- Interactive map of Golden Ox

Restaurant information
- Established: 1949; 77 years ago
- Owners: Wes Gartner, Jill Myers
- Food type: Steakhouse
- Location: 1600 Genessee St. #100, Kansas City, Missouri, 64102, USA
- Coordinates: 39°05′41″N 94°36′19″W﻿ / ﻿39.0946°N 94.6052°W
- Website: Official website

= Golden Ox =

The Golden Ox is a steakhouse restaurant located in the Kansas City Live Stock Exchange building in the West Bottoms neighborhood of Kansas City, Missouri. Founded in 1949, the Golden Ox is the birthplace of the Kansas City strip steak. The Golden Ox is considered the oldest steakhouse in Kansas City, because though Jess & Jim's Steakhouse had opened more than one decade earlier in 1938, its Martin City neighborhood was not annexed into Kansas City until 1963. The original Golden Ox location closed permanently following dinner on December 20, 2014. On June 8, 2018, new owners leased the space and reopened the Golden Ox in a renovated portion of the original space.

==History==
The Golden Ox opened on the first floor of the Kansas City Live Stock Exchange building in May 1949. Founded by Jay Dillingham and owned by the Kansas City Stockyard Company, the restaurant originally catered to ranchers and farmers who brought their cattle to the stockyards. Dillingham also used the restaurant as a place to entertain dignitaries, including Harry S. Truman and Dwight D. Eisenhower. The restaurant closed briefly due to the Great Flood of 1951. In 1957, the Golden Ox expanded when a one-story addition was added to the south side of the livestock exchange building to accommodate the restaurant expansion.

Jerry Rauschelbach and Steve Greer purchased the Golden Ox from Rauschelbach's father Bill in 1997. It closed in November 2003 without warning. Rauschelbach cited high beef prices, fewer people dining out, and overall poor economic conditions. The restaurant was purchased and reopened two weeks later by a group of investors led by Bill Teel and Steve Greer. Greer retired in August 2014. In December 2014, the Golden Ox announced permanent closure before the end of the year. Landlord Bill Haw indicated that the Golden Ox was behind on rent, and Haw planned to pursue a different restaurant or entertainment concept for the restaurant space in the livestock exchange building.

Following the 2014 closing of the restaurant, the space was divided, and Stockyards Brewing Co. planned to open in the south portion of the space, which was previously the bar area and one of the back dining areas. In November 2015, it was announced that Wes Gartner and Jill Myers signed a lease for the remaining 5,000-square-foot space, including the main dining room and kitchen on the north side of the original Golden Ox space. Gartner and Myers are also co-owners of Voltaire in West Bottoms. They announced plans to re-open the Golden Ox, including major renovation for a wood-fired grill in a semi-open kitchen. Livestock Exchange Building owner Bill Haw stated that the new owners of the Golden Ox would have access to any furnishing or memorabilia from the previous Golden Ox restaurant.

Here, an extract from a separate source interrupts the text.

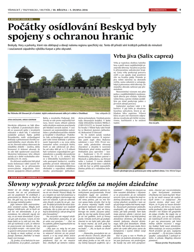 Třineck ý / Tr z yniecki / Hutník / 30. března – 5. dubna 2016 Z a j í m avo s t i 9 B e sk y dy o ko lo n á s Počátky osídlování Beskyd byly spojeny s ochranou hranic Beskydy. Hory a pahorky, které nás obklopují a dávají našemu regionu specifický ráz. Tento díl přináší sérii krátkých pohledů do minulosti i současnosti západního výběžku Karpat a jeho obyvatel. Vrba jíva (Salix caprea) Na Těšínsku žili Slované již v 8 století. Jejich zrekonstruované sídlo je k vidění v Chotěbuzi. Jitka Kačalová, URSUS centrum Horským oblastem se lidé dlouho vyhýbali. Z praktických důvodů se usazovali spíše v úrodných nížinách v okolí řek. V relativně nedaleké jeskyni Šipka poblíž Štramberku našli archeologové doklady o přítomnosti člověka neandrtálského staré zhruba 40 tisíc let. Rovněž nálezy datované do mladšího období – neolitu, doby bronzové či železné ukazují, že se zde lidé opakovaně usazovali. Skutečná kolonizace této oblasti začala až v době vrcholného středověku (11.-14. stol.). Za občasné usídlování lidí před touto kolonizací vděčí území Těšínska tomu, že je přirozeným severo-jižním migračním koridorem spojujícím oblasti pobřeží Baltu a úrodného Podunají. Zdržovaly se zde proto nejčastěji kultury, které touto oblastí jedním nebo druhým směrem procházely při hledání nových území. V současnosti asi nejznámějším nalezištěm z předkolonizačního období je hradiště v Chotěbuzi - Podoboře, kde archeologové našli mimo jiné také četné doklady o přítomnosti bojovných a na svou dobu řemeslně velmi zručných Keltů, kteří se zde zdržovali již zhruba od roku 400 př. n. l. Z oblasti byli vytlačeni expandujícími germánskými a později slovanskými kmeny. Ve 12. a 13. století, kdy se z těšínského kastelánství stávalo postupně knížectví, vznikla potřeba prvních těšínských knížat chránit strategicky důležitou obchodní a vojenskou měděnou stezku procházející Jablunkov- Foto: wikipedie (2) ským průsmykem. Vznikala proto řada obranných hrádků. V době vlády těšínského knížete Měška I. (1281-1313/17) to kromě knížecího hradu v Těšíně byly také hrádky ve Skočově, Jamnici, Jablunkově, Bohumíně či Ostravě. Ve 14. století začaly vznikat první horské vesnice. K nejstarším patří např. obec Bukovec založená v roce 1353. První vesnice měly především obranný charakter a sloužily k varování Těšínských před útoky nepřátel. Dokladem jsou opevnění – šance – budované v 15.–17. století. Pozůstatky jsou dodnes patrné v Mostech u Jablunkova, na Hrčavě nebo v Lomné. V tomto období však žili lidé především v údolích a dál do hor se příliš nepouštěli. Změna přišla až s valašskou kolonizací. Vrba je typickou složkou lužního lesa a patří mezi nejdůležitější pionýrské dřeviny. Využívá se proto k přirozenému zalesňování krajiny. Listy vrby poskytují potravu zvěři a po opadu mají pozitivní vliv na kvalitu půdy. Protože je jíva velmi náročná na dostatek světla, sama odumírá a ustupuje, když ji přerostou větší dřeviny. Ze stejného důvodu nehrozí její přemnožení. Neocenitelný význam má jako jedna z nejdůležitějších medonosných dřevin pro včelaře. Vykvétá velmi brzy, a proto včelám zesláblým po zimě poskytuje jeden z prvních zdrojů potravy. Uplatnění nachází také v lékařství. V její kůře je obsažena kyselina salicylová, která je základem léku aspirinu. Vrbová kůra se pro své vlastnosti odpradávna využívala při léčbě revmatismu, nachlazení a ke snížení teplot. Jíva na jaře. Časně vykvétající jíva je potravou pro včely vysílené zimou.Foto: Michal Šulgan D z i e ń d o b r y, l u d k o w i e z ł o c i Słowny wyprask przez telefón za mojóm dziedzine Wołoł mi do chałpy jakisi panoczek. Ani sie nie przedstawił, ani nie pozdrowił. To zrobiłach z grzeczności jo. Możne sie chycił za nos. Ale gdo wiy, czy mu to doszło do tej jego móndrej palice. Jego nómero było zastrzeżóne. Jisto wiedzioł czymu. Mógła żech mignyć telefó-nym, ale to bych sie zaś nic nie dowiedziała. A jo je zwiedawo, bo człowiek nig-dy nie wiy, co sie może dowiedzieć. A jeszcze gor, jak sie pisze, i wiym, że mie kupa ludzi za ty roki już zno. Musim aji rachować z tym, że nikierzi to pozy-tywnie nie niesóm. Ale na to je jedyn recepis – nie czytać. Dyć w gazecie sóm jeszcze insze artykuły. Każdy se może wybrać, co mu pasuje. Zamiast „Hutnika” se może kupić cosi inszego. „Ty, Jewka, co to bulczisz ło swoji dziedzinie, że je jakosi „czarujón- co”. Sóm ło kupa piekniejsze a żodno sie nie chwoli. Piszesz bludy, bo jo z mojóm sie tam był podziwać a nic takigo jakigosi czarownego my tam nie widzieli. A jak sie człowiek sóm chwoli, to jako by sie gó... mazoł. To dybyś prziszła do naszi dziedziny, to byś dziepiyr tyn rozdziół widziała. Ale ty jisto ani nie wiysz, kaj ta dziedzina je, tak po drugi nie pisz howadziny”. Na szczynści nie mignył telefónym. „Pozwolicie panoczku, że aji jo wóm cosi powiym...” – „Dyć na to czakóm, jakimi argumyntami na mie wyjedziesz...” –„Wiy pan co, móg by mi pan powiedzieć, czymu mocie zastrzite nómero? Ani-ście sie nie przedstawił, a w tej swoji złości żeście zapómnioł aspóń ze słószności pozdrowić. Dyć sie nie musicie boć, choćbych aji nómero widzia- ła, żebych was spadki jakimisi inwektywami poczynstowała. Przed krytykóm nigdy nie uciekóm i wdycki sie niechóm rada pouczyć. Ale nima piekne, jak na mie kierysi spoza buka strzylo. Dyć to by sie przeca miyndzy kapke inteligyntnymi ludziami stować nimiało. Mie to łobrażo, jak mi kiery, kierego nie znóm, zaczyno tykać, jako by my kaj społu krowy paśli. Jo sie nie gańbim,

After the renovation, it reopened in June 2018.

==Other locations==
In the late 1950s and into the 1960s, the owners opened locations in Denver, Colorado, Washington, D.C., and Nashville, Tennessee.

In 2003, while the Golden Ox was owned by Jerry Rauschelbach, a short-lived second location was opened at 95th Street and Metcalf Ave in Overland Park, Kansas, that had formerly housed Houston's restaurant. This location closed in November 2003, citing the bad economy and fewer people dining out.

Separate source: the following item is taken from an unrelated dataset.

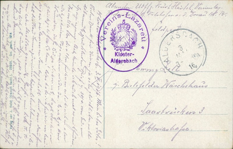 Alte Ansichtskarte aus Aldersbach, gelaufen am 03.05.1916.

In May 2013, owner Bill Teel opened the Ox Bar & Grill at an almost abandoned dining room in the Clarion Hotel at 7000 West 108th Street in Overland Park, Kansas. The location at the Clarion Hotel has some similarities with the original Golden Ox, but Teel stressed that it is a separate restaurant geared toward hotel guests and not a second location of the iconic Golden Ox.